ASSIGNMENT
Using the data below, transcribe exactly everything from the line that contains "Vestido Halter Feminino" down to the line that contains "Куртка прямого силуэта.". Include both of those lines and none of the pictures.

╭─ LISTED ENTRIES

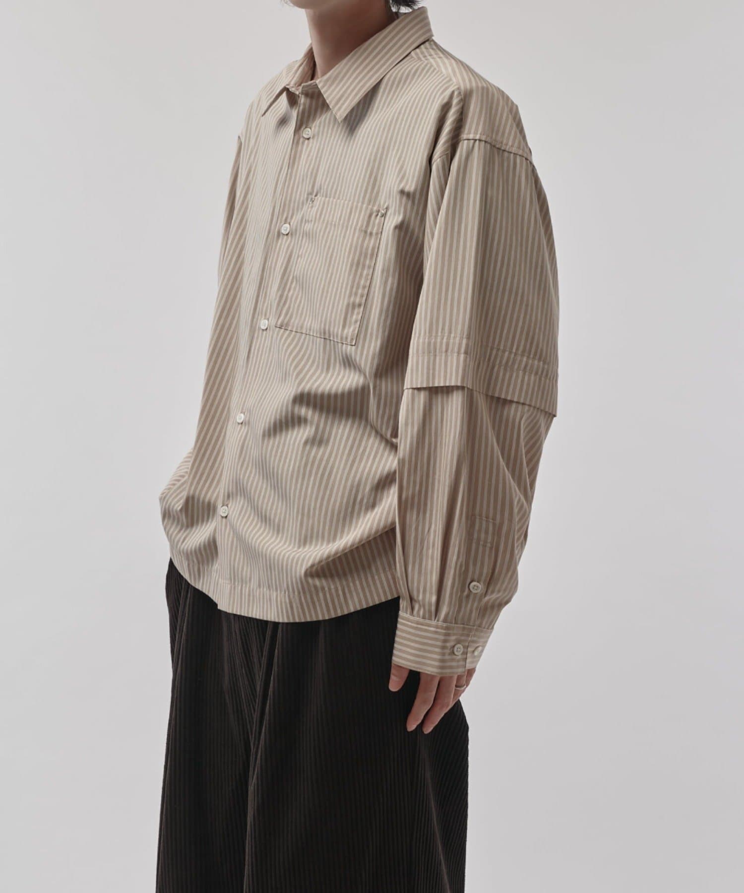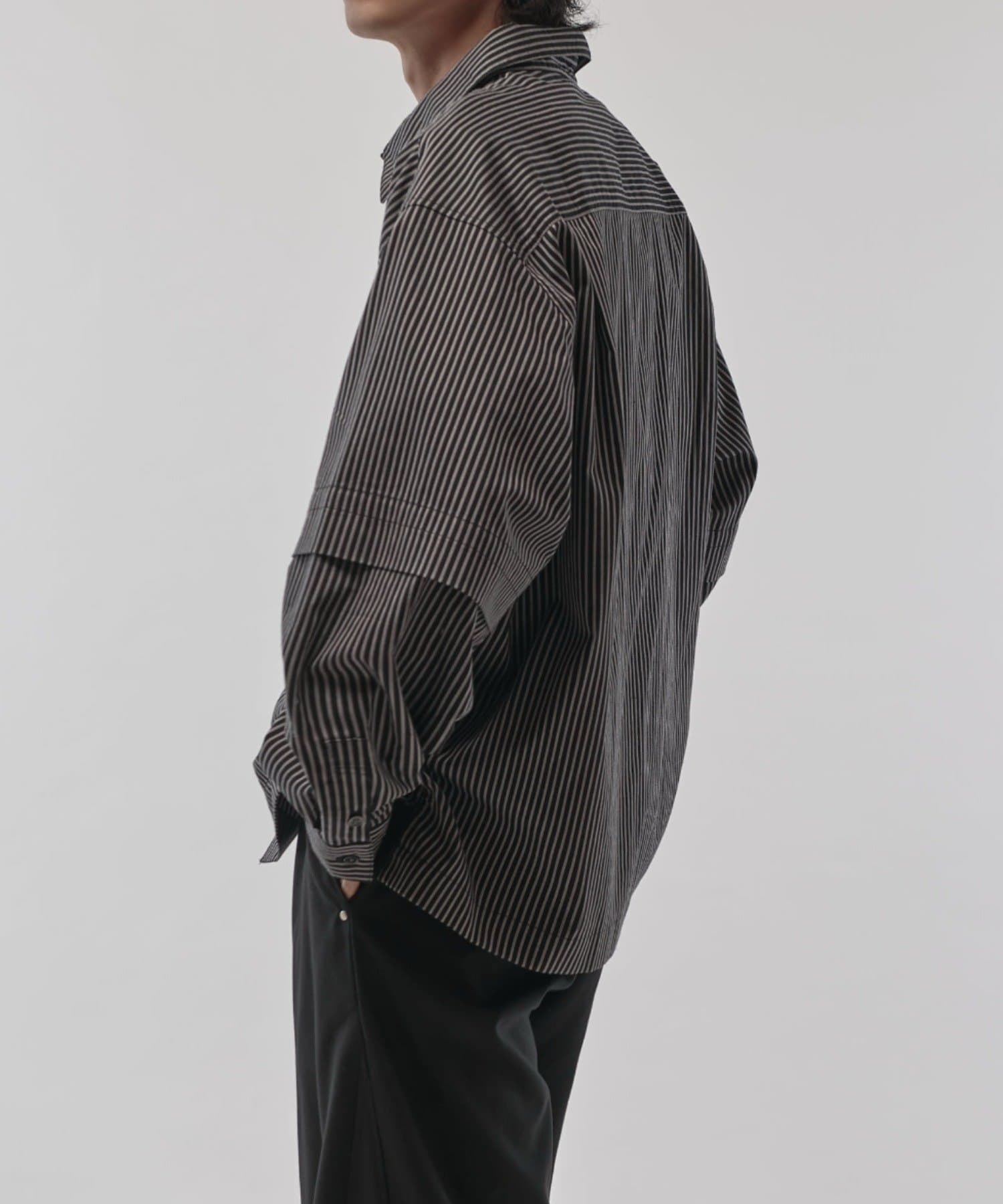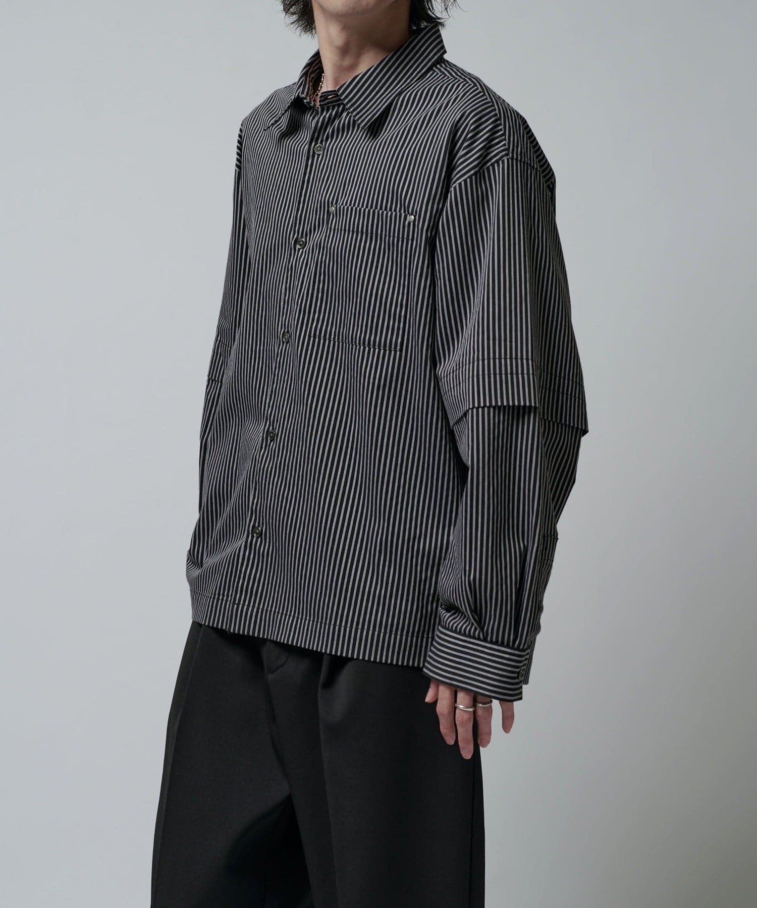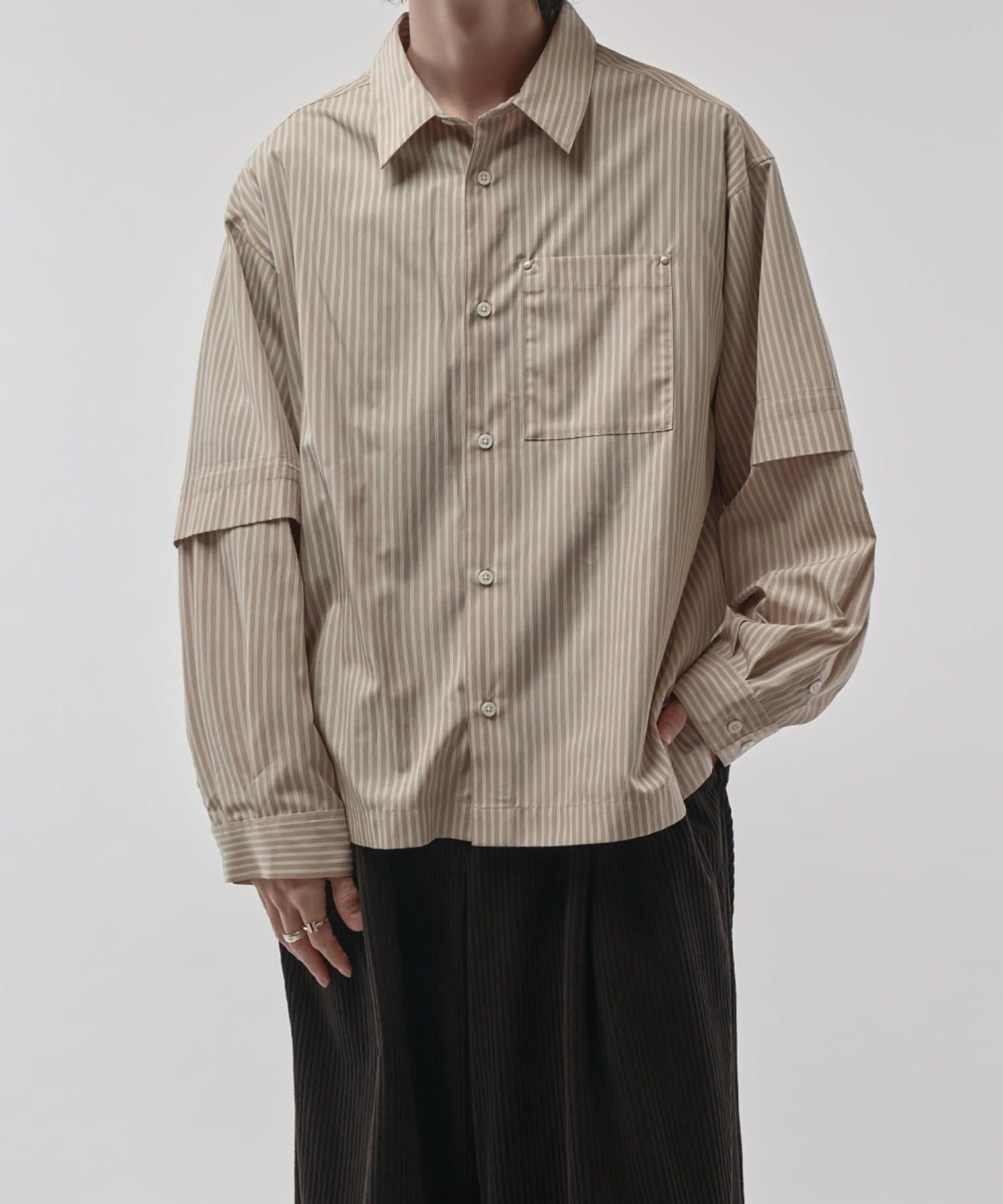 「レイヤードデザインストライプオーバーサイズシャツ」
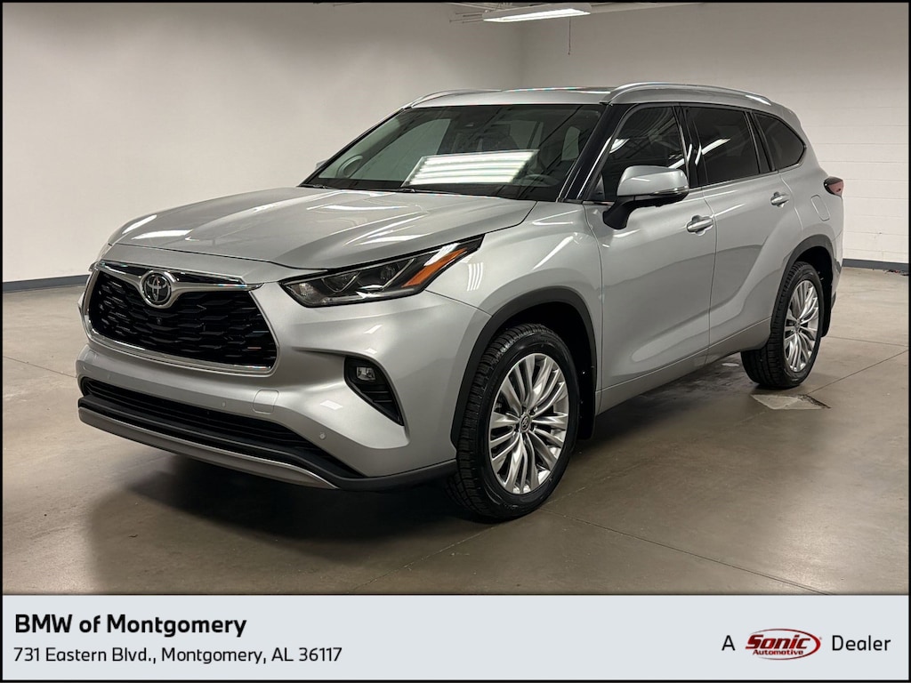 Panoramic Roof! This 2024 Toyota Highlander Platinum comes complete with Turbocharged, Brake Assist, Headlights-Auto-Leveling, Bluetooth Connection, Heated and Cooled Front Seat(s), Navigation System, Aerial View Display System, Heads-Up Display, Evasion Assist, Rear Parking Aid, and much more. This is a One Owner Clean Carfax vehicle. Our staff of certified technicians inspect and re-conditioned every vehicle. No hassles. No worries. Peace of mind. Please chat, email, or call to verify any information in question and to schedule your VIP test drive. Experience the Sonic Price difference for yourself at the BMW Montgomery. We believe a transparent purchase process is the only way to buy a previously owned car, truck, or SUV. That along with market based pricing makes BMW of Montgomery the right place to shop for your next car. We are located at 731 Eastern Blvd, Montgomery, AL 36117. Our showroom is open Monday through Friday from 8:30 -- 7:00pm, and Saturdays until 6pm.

╰─
╭─ LISTED ENTRIES

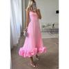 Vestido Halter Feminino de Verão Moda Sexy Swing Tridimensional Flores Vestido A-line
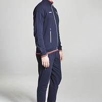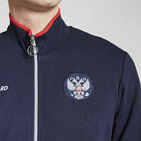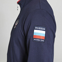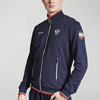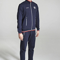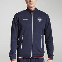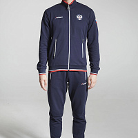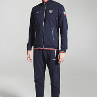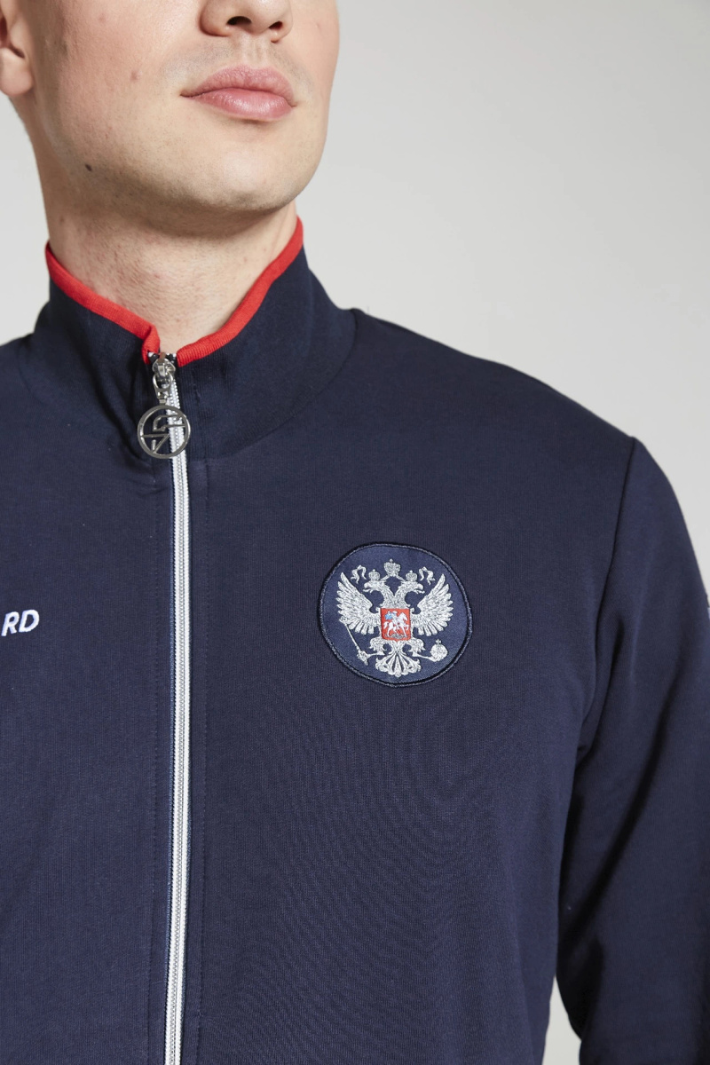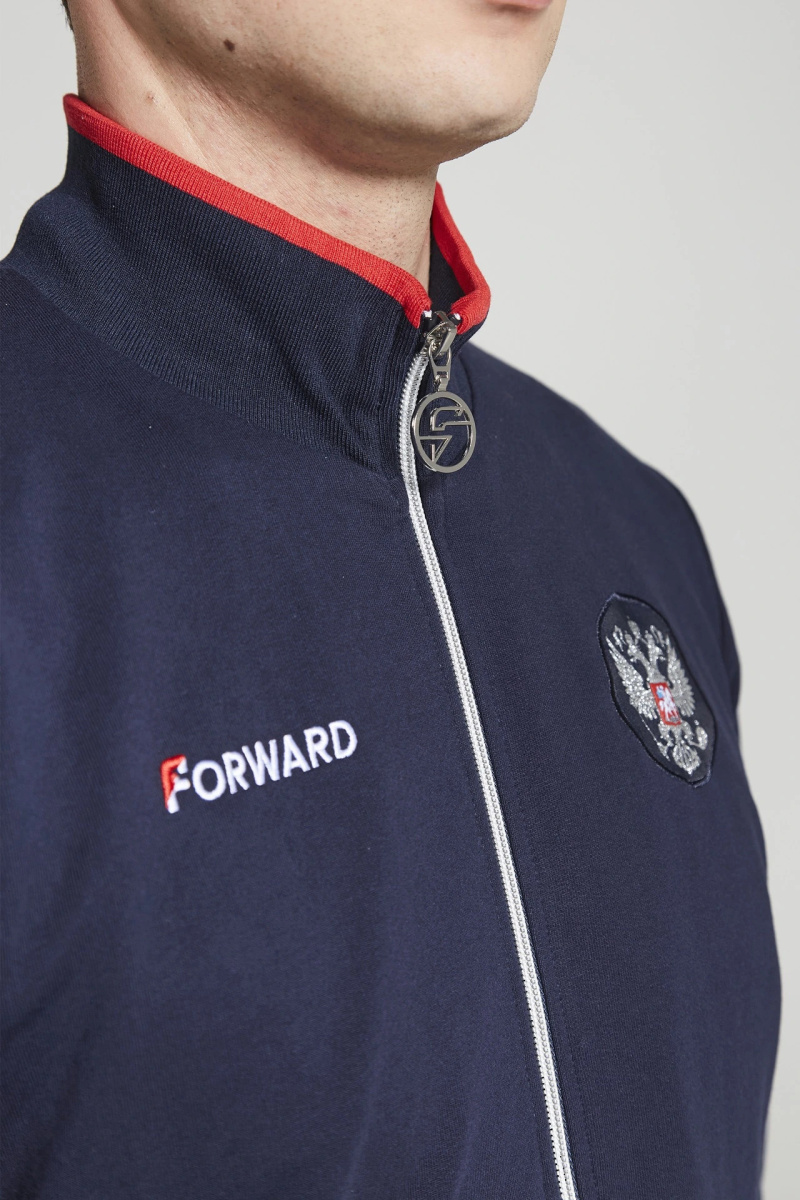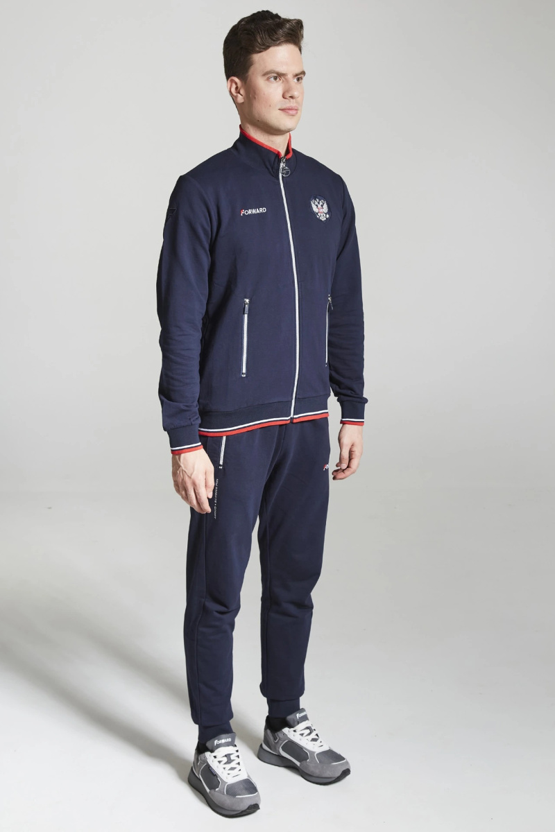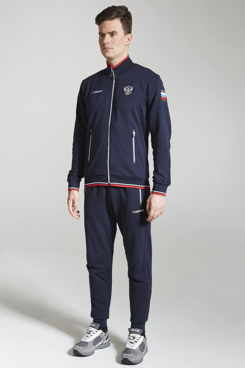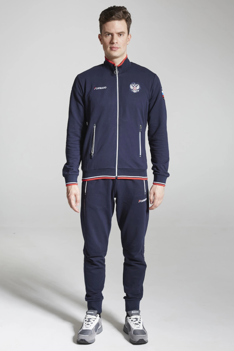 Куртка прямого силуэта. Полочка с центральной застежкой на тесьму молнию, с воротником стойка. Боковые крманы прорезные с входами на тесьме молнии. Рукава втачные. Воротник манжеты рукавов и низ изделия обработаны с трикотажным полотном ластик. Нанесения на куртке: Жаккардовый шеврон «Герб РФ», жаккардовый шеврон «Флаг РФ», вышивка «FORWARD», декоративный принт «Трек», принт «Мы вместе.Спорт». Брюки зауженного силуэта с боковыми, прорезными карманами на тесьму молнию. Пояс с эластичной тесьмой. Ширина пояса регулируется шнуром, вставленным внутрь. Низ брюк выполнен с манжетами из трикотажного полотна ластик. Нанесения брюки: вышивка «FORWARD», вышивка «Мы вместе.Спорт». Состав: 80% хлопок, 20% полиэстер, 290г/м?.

╰─
╭─ LISTED ENTRIES

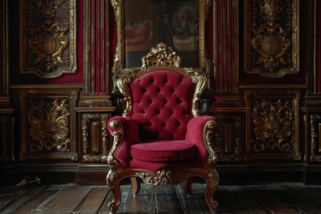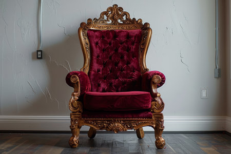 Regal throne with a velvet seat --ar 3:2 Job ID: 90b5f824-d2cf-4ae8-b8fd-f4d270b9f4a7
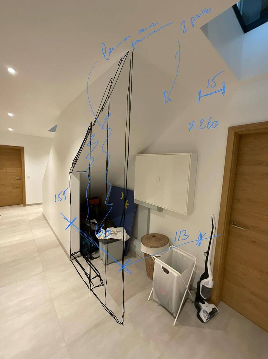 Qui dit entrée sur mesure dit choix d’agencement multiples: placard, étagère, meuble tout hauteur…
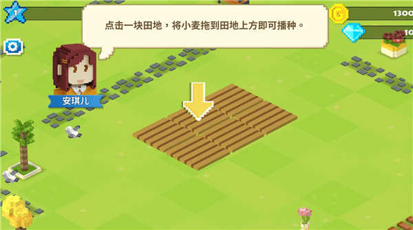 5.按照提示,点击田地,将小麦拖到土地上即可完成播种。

╰─

OUTPUT FOR THIS EXERCISE
 Vestido Halter Feminino de Verão Moda Sexy Swing Tridimensional Flores Vestido A-line
 Куртка прямого силуэта. Полочка с центральной застежкой на тесьму молнию, с воротником стойка. Боковые крманы прорезные с входами на тесьме молнии. Рукава втачные. Воротник манжеты рукавов и низ изделия обработаны с трикотажным полотном ластик. Нанесения на куртке: Жаккардовый шеврон «Герб РФ», жаккардовый шеврон «Флаг РФ», вышивка «FORWARD», декоративный принт «Трек», принт «Мы вместе.Спорт». Брюки зауженного силуэта с боковыми, прорезными карманами на тесьму молнию. Пояс с эластичной тесьмой. Ширина пояса регулируется шнуром, вставленным внутрь. Низ брюк выполнен с манжетами из трикотажного полотна ластик. Нанесения брюки: вышивка «FORWARD», вышивка «Мы вместе.Спорт». Состав: 80% хлопок, 20% полиэстер, 290г/м?.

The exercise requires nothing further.